Working through the data below, reproduce word for word the line with "公司已具有配置全科甲级移动医" and every line after it, both ends included, and omit the pictures.
[DATA EXTRACTS Boundary: Start]
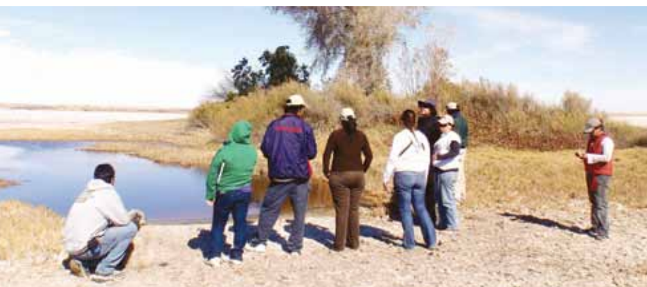
Realizaron práctica de campo durante la capacitación.

Viaja libre al igual que el rayo de luz, deleitándose en la distancia, posándose en las llanuras salitrosas de lo que antes fuera el majestuoso y extenso Delta del Río Colorado. Según el historiador Leo Hillar, en 1540 Fernando de Alarcón fue el primer explorador Europeo en navegar por las caudalosas aguas, del mismo, llegando
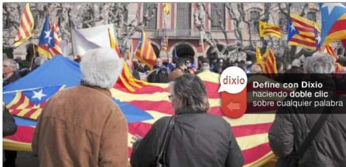
Manifestantes independentistas en Barcelona el 23 de enero

De la insumisión fiscal a asesorar sobre la ilegalidad
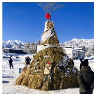
さいの神への参加
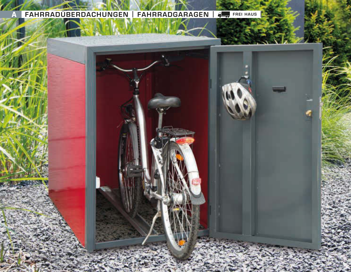
Fahrradgarage SLIGO, Elektroleiste mit 230V-Steckdose und LED-Licht, Stahlkonstruktion in RAL 7016 anthrazitgrau, Wandelemente in RAL 3003 rubinrot, mit Innenwandbeschichtung (Mehrpreis)
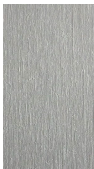
B6 buk/Buche/beechn szary/grau/gray
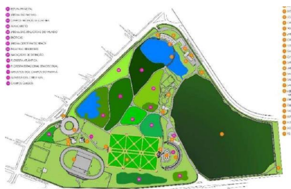
MAPA JARDIM BOTÂNICO
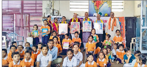
रेवाड़ी। कार्यक्रम में शिक्षकों को चित्र भेंट करते आयोजक।
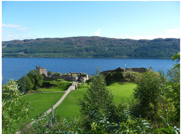
Urquhart Castle, Loch Ness
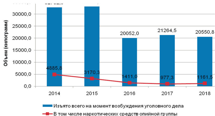
Рис. 1. Динамика изъятия наркотических средств на момент возбуждения уголовного дела в Российской Федерации

Как видно, с 2014 г. происходит снижение изъятия общего количества наркотических средств. В 2016 г. отмечено снижение количества изъятия наркотических средств в
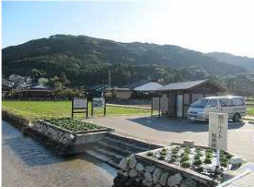
裂田の溝Pに車を止める。奥の山並みが城山(岩門城跡)。

裂田の溝P～神社下～高津神社～神社下分岐～茶臼岩～尾根～城山(195m)～北の曲輪～梶原口～尾根～神社下分岐～神社下～岩門城跡登山口～裂田の溝P
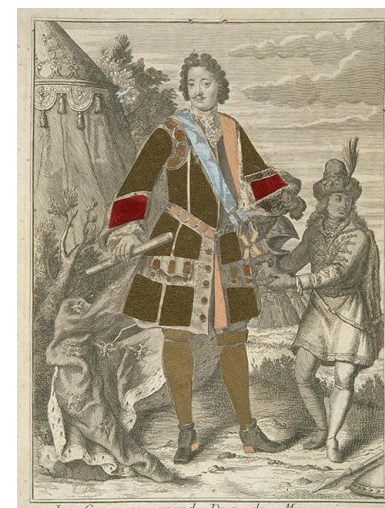
Пётр I, 1717г.

кофе и курить трубку. То есть стараться быть похожими на него самого. Право на ношение бороды можно было выкупить, заплатив специальный налог.
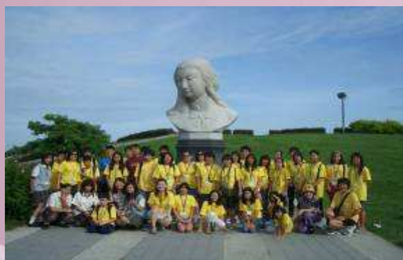
地球村學員參訪林默娘公園.體驗府城文化
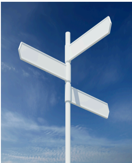
Samen maken we de club

Ben je nieuw op de club. Hieronder staan enkele tips. Zowel voor spelers als voor ouders.
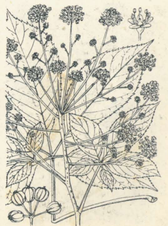
第 855 圖

山林中ノ落葉喬木ニシテ高サ16m許、徑60cm許ニ達シ、幹ハ直上シ樹膚ハ灰褐色、枝極ハ灰白色ヲ呈ス。葉ハ互生シ基部短柄ヲ呈セル長柄ヲ具ヘ五出掌狀複葉ヲ成シ、小葉ハ短柄アリテ倒卵狀橢圓形、長サ10-20cm許、先端尖リ底部銳形或ハ楔形、刺狀鋸齒縁、質薄ク稍硬ク、裏面ハ淡色ニシテ脈上淡褐色ノ軟毛アリ。夏日開花シ、繖形花序ハ長梗アリテ枝端ニ集合シ、複繖形ノ觀アリ。花ハ小形ニシテ多數、淡綠黄色。萼ハ五小片アリ。花瓣五片、平開シ卵狀橢圓形。雄蕊五、挺出、黄約。子房ハ下位、二花柱。漿果ハ小球形、稍平扁、平滑、秋ニ入りテ黒紫色ニ熟シ長サ5mm許。和名ハ瀝し油ノ意ニシテ往昔此樹ヨリ樹脂液ヲ採リ、之レヲ瀝シテ塗料ニ使用セン故此名アリ、又ごんぜつハ金漆ニシテ其特別ナル塗料ヲ云ヘリ。
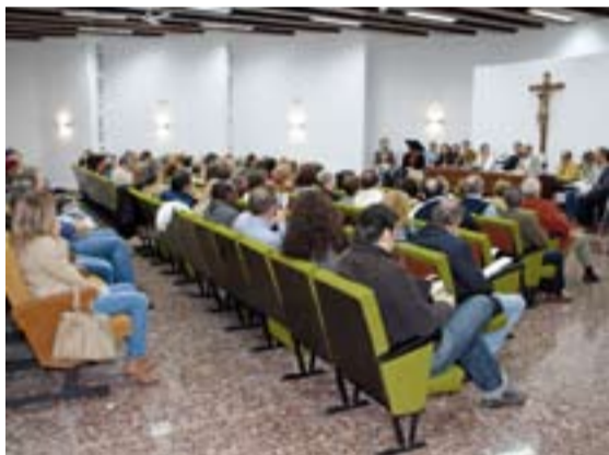
Clausura del Cursillo de Cristiandad nº 243

Vive conCENTRO; La capilla del colegio de Santo Ángel de Badajoz acogió el pasado día 8 la II edición de la iniciativa de oración Vive conCENTRO . Ha sido un momento profundo, donde han reflexionado voluntarios de Dando C@lor (oncología pediátrica), personas del Movimiento San José del colegio Sagrada Familia, colegio y comunidad de HH. del Santo Ángel, Maristas, colegio diocesano, proyecto "Pozo de Jacob" del PDAV, Salesianos, OSCUS y parroquia San Juan de Ribera, acerca de dónde estamos en este camino de seguimiento a Jesús. La próxima oración es el martes 22 de noviembre, a partir de las 19'30 h.
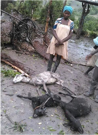
In den ländlichen Gebieten ist der Verlust an Tieren (=Bank) enorm
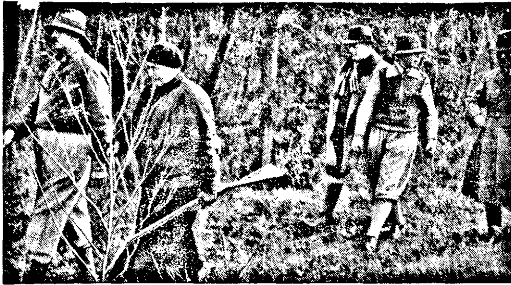
Zu Ehren der Königinwitwe Maria von Jugoslawien, der Schwester des Königs Karl, wurde nächst der Hauptstadt eine Jagd veranstaltet. Auf unserem Bild ist die Königinwitwe, König Karl und der Thronfolger Michael zu sehen, wie sie sich zur Jagd begeben.
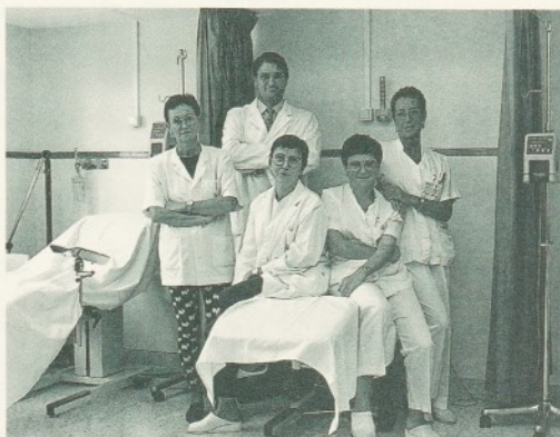
L'equip de la Unitat d'Oncologia.

Abans de posar en marxa aquesta renovació, l'equip d'Oncologia va fer un estudi entre els seus pacients per conèixer quins
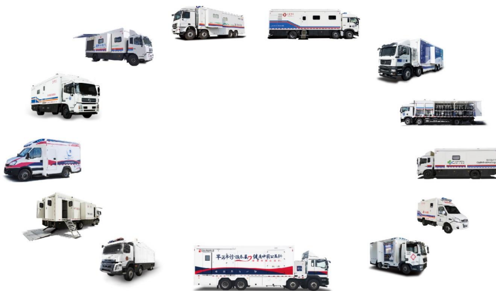
移动医疗保障装备示意图

公司已具有配置全科甲级移动医疗和医疗应急处置能力，产品也正在向高端智能方向发展，能够提供整套移动医疗应急救援保障方案，目前也是全国移动医疗保障装备最齐全的制造商。
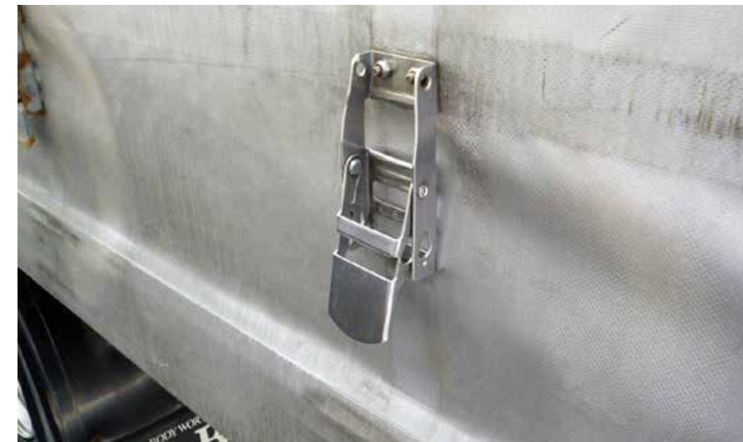
Yli kolme korjausta yhdelle verholle. Repeämät tai huonosti korjatut vauriot. Puuttuvat hihnat, rullat tai soljet
[DATA EXTRACTS Boundary: End]
**SOLUTION TO THIS EXERCISE:**
公司已具有配置全科甲级移动医疗和医疗应急处置能力，产品也正在向高端智能方向发展，能够提供整套移动医疗应急救援保障方案，目前也是全国移动医疗保障装备最齐全的制造商。
Yli kolme korjausta yhdelle verholle. Repeämät tai huonosti korjatut vauriot. Puuttuvat hihnat, rullat tai soljet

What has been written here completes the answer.